6) Container generation of LXCF

The container registered in configuration file is generated.
First of all, generation of namenode2nd.

# lxcf sysgen namenode2nd

The container registered in configuration file is generated.

# lxcf sysgen-n analysis 8

Autostart of LXCF is set as the container group reboots automatically even if HOST is
rebooted.

# lxcf autostart namenode2nd analysis0001 analysis0002 analysis0003 analysis0004 analysis0005 analysis0006 analysis0007 analysis0008

The container of LXCF has all succeeded "Java and Hadoop software" installed in HOST.

7) Format of namenode

Namenode is formatted.

# hdfs namenode --format

It only has to execute the work to here only once first.

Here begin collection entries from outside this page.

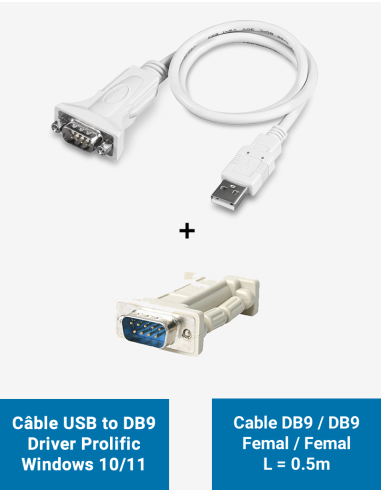 Câble USB vers DB9 Male, avec chipset Prolific compatible sans driver avec Windows 8 / 10 ou 11.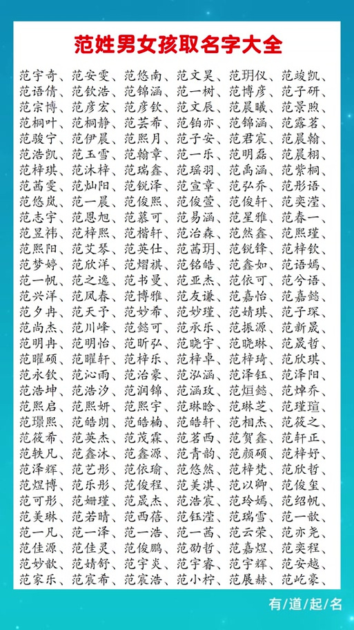 字形上,由于范姓是上下结构且带有草字头,名字的后两个字建议在结构上有所变化、如果后两个字也是上下结构,整体会显得过于压抑;如果选择左右结构或独体字的汉字,则能打破视觉上的单调感,让整个名字看起来错落有致。
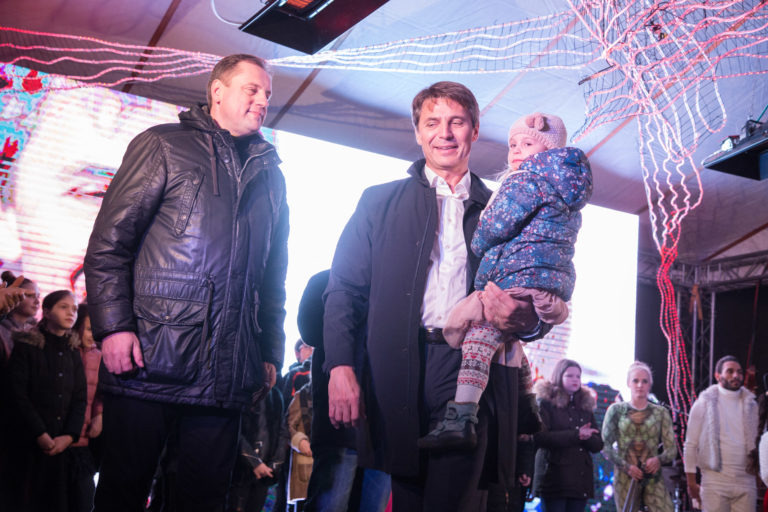 Zľava: Starosta bratislavskej mestskej časti Staré Mesto Radoslav Števčík a primátor Bratislavy Ivo Nesrovnal s dcérou na pódiu počas otvorenia Vianočných trhov 2017 na Hlavnom námestí v Bratislave. Bratislava, 24. november 2017. Foto: SITA/Branislav Bibel

8) Startup of component of Hadoop

Were you able to do here without trouble? The following do the startup of the component of
Hadoop.
It does sequentially because it is the beginning one by one. Being bring it together later in the sh script is convenient because there are a lot of numbers of commands.

# start-dfs.sh
# start-yarn.sh
# hadoop-daemon.sh start datanode
# yarn-daemon.sh start nodemanager
# mr-jobhistory-daemon.sh start historyserver

If it goes well, the component name that started by the jps command is displayed.

# jps
20349 ResourceManager
577 JobHistoryServer
55326 DataNode
56405 NodeManager
1207 Jps
19735 NameNode

Congratulations!
Hadoop started safely if made here well.
The following actually move the program of Hadoop by way of experiment.

4. Execution confirmation

Let's execute the exercise that counts the number of words as example by using the Hadoop system that started for the previous chapter.
When Hadoop is installed, this exercise program is put on the following in the jar form of Java.

/usr/share/java/hadoop/hadoop-mapreduce-examples.jar

1) First of all, the input data file is prepared.

The directory named "in" is made, and the input data file is put in that.

# mkdir in
# cat > in/file
This is one line
This is another one

2) The directory that input data enters is copied onto HDFS.

It copies it onto HDFS each so that the input file may see it.

# hdfs dfs -copyFromLocal in in

3) Wordcount is executed with Hadoop.

# hadoop jar /usr/share/java/hadoop/hadoop-mapreduce-examples.jar wordcount in out

Let's wait until execution ends.

4) Execution result confirmation

There is a result in the "out" directory on HDFS.

# hdfs dfs -cat out/*
This 2
another 1
is 2
line 1
one 2

5. Stop of Hadoop

The component of starting Hadoop is done in stop.

# hadoop-daemon.sh stop datanode
# yarn-daemon.sh stop nodemanager
# mr-jobhistory-daemon.sh stop historyserver
# stop-yarn.sh
# stop-dfs.sh


Related

Wiki: Home

Want the latest updates on software, tech news, and AI?
Get latest updates about software, tech news, and AI from SourceForge directly in your inbox once a month.